| Leonardo/ISASTwith Arizona State University

Char Davies

Montreal,
Canada

Canadian artist Char Davies is internationally recognized for her immersive interactive artworks using the technologies of virtual-reality. Originally a painter, Davies transitioned to digital media in the late-80s when, as a founding director of the 3D software company Softimage, she began exploring three-dimensional computer imaging as a means of moving beyond the picture plane into virtual space.
In 1993, Davies began exploring virtual-reality as an experiential spatiotemporal arena for questioning habitual perceptions about nature and "being", and affirming our embodiedness in the world.
Integrating 3D visual elements and spatially-localized sound with interaction based on breath and balance, her immersive virtual environment Osmose (1995) has been acclaimed as a landmark in new media art.
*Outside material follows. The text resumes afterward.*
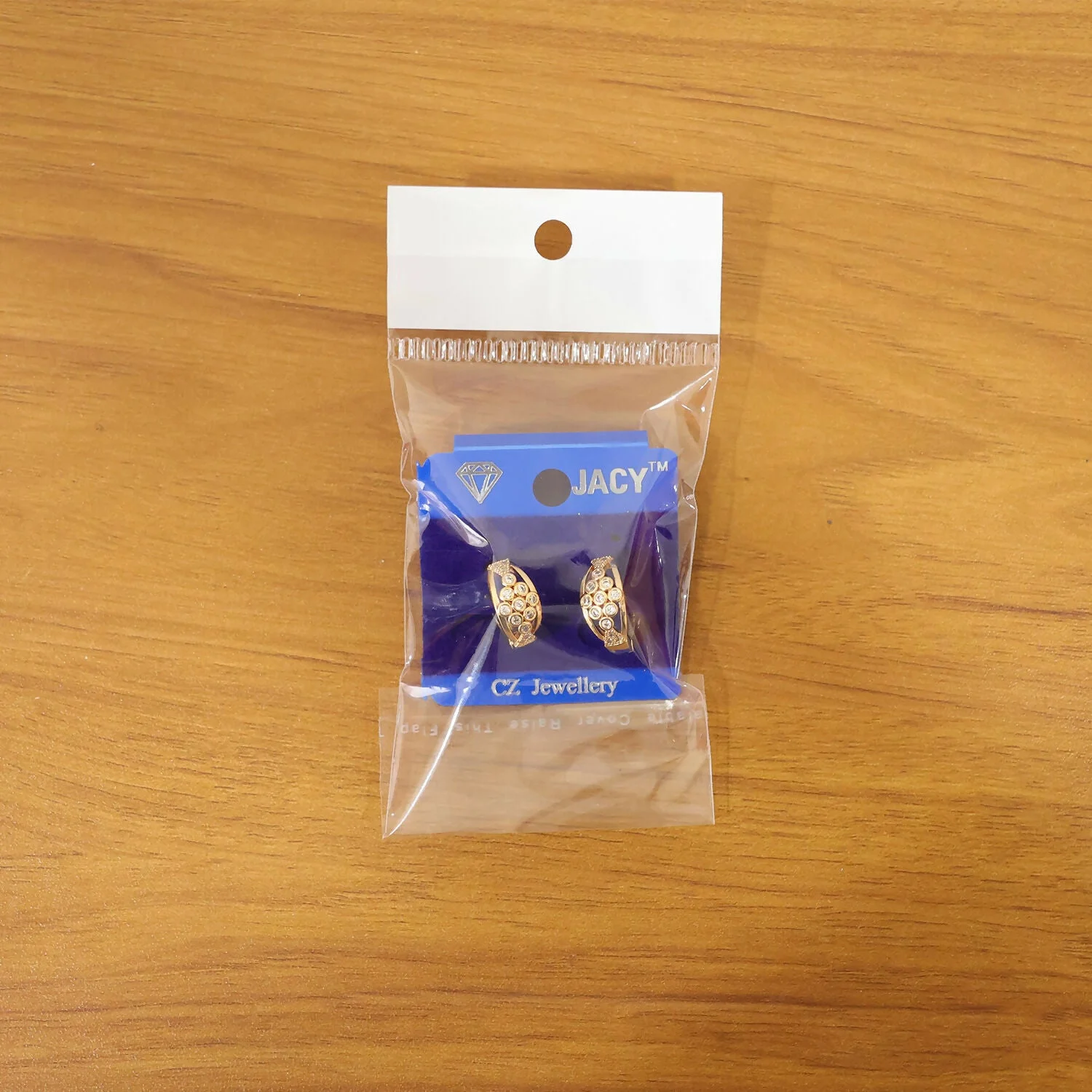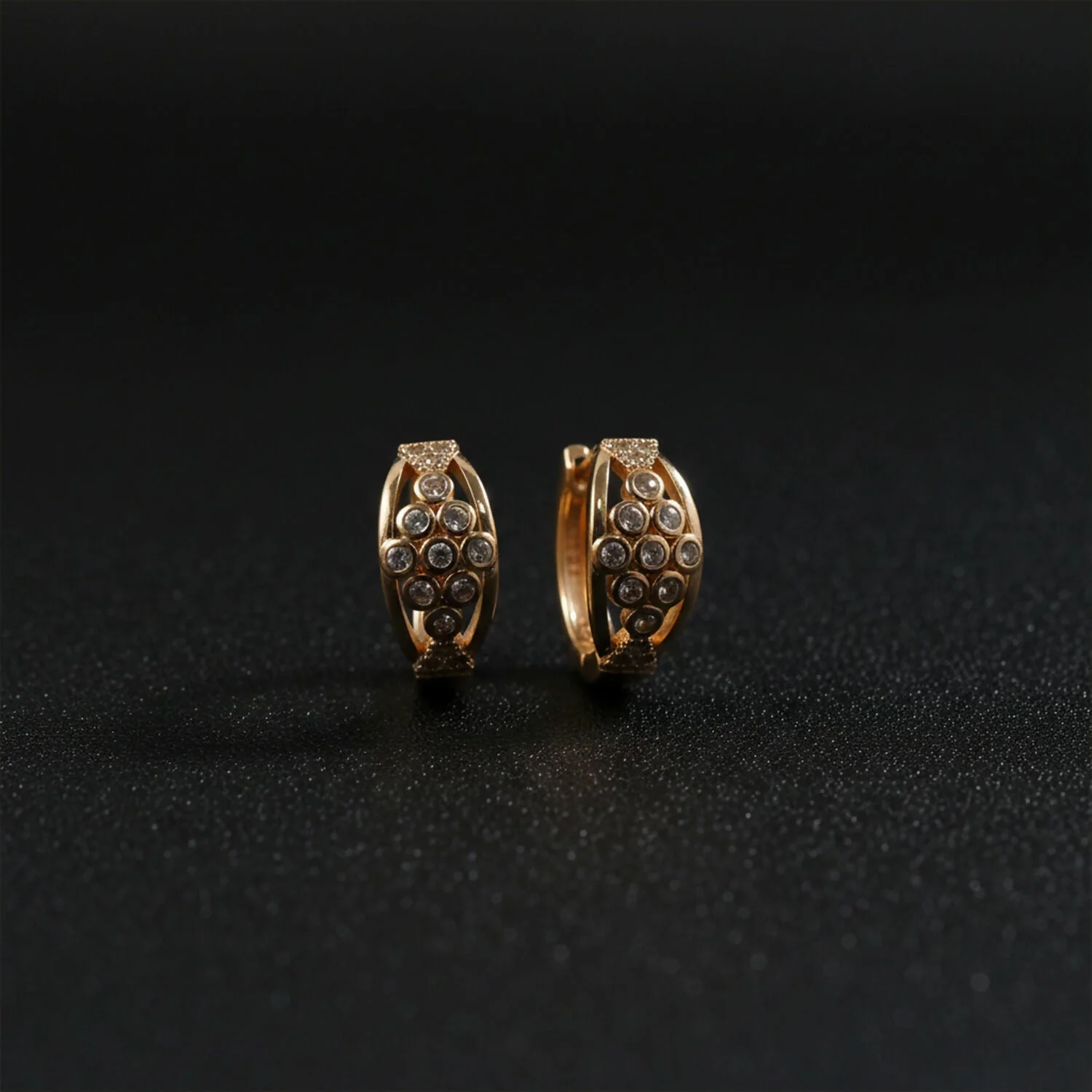 These elegant hoop earrings feature a refined openwork design highlighted by a neatly arranged cluster of clear crystal stones at the center. The structured hoop silhouette is enhanced with delicate detailing, creating a perfect balance between modern style and classic appeal. Designed to sit comfortably on the ear, they offer a subtle sparkle that complements both everyday outfits and special occasions. The secure clasp provides a reliable fit for confident wear throughout the day. Ideal for festive looks, evening wear, or graceful daily styling, these earrings add a touch of understated elegance to any ensemble.

This work was followed by Ephémère (1998), which represents landscape and the interior body as intertwined fluxing spatialities, and incorporates the participant's gaze as an additional means of interaction.
Davies’ installations have been exhibited at museums such as the National Gallery of Canada, San Francisco Museum of Modern Art, Mexico’s Museum of Monterrey, London's Barbican Art Centre, and the Australian Center for the Moving Image; they have received extensive media coverage in publications ranging from Art in America to New Scientist, as well as scholarly journals and books.
Davies also writes and lectures widely, and in 2005 she completed a Doctorate in philosophy (CAiiA, University of Plymouth, UK). Most recently, Davies’ attention has expanded from "virtual" to "actual" place. Working with boulders, streams, forest and the enveloping horizon—her iconic elements—she has begun a long-term project on 500 acres of land in southern Québec, Canada.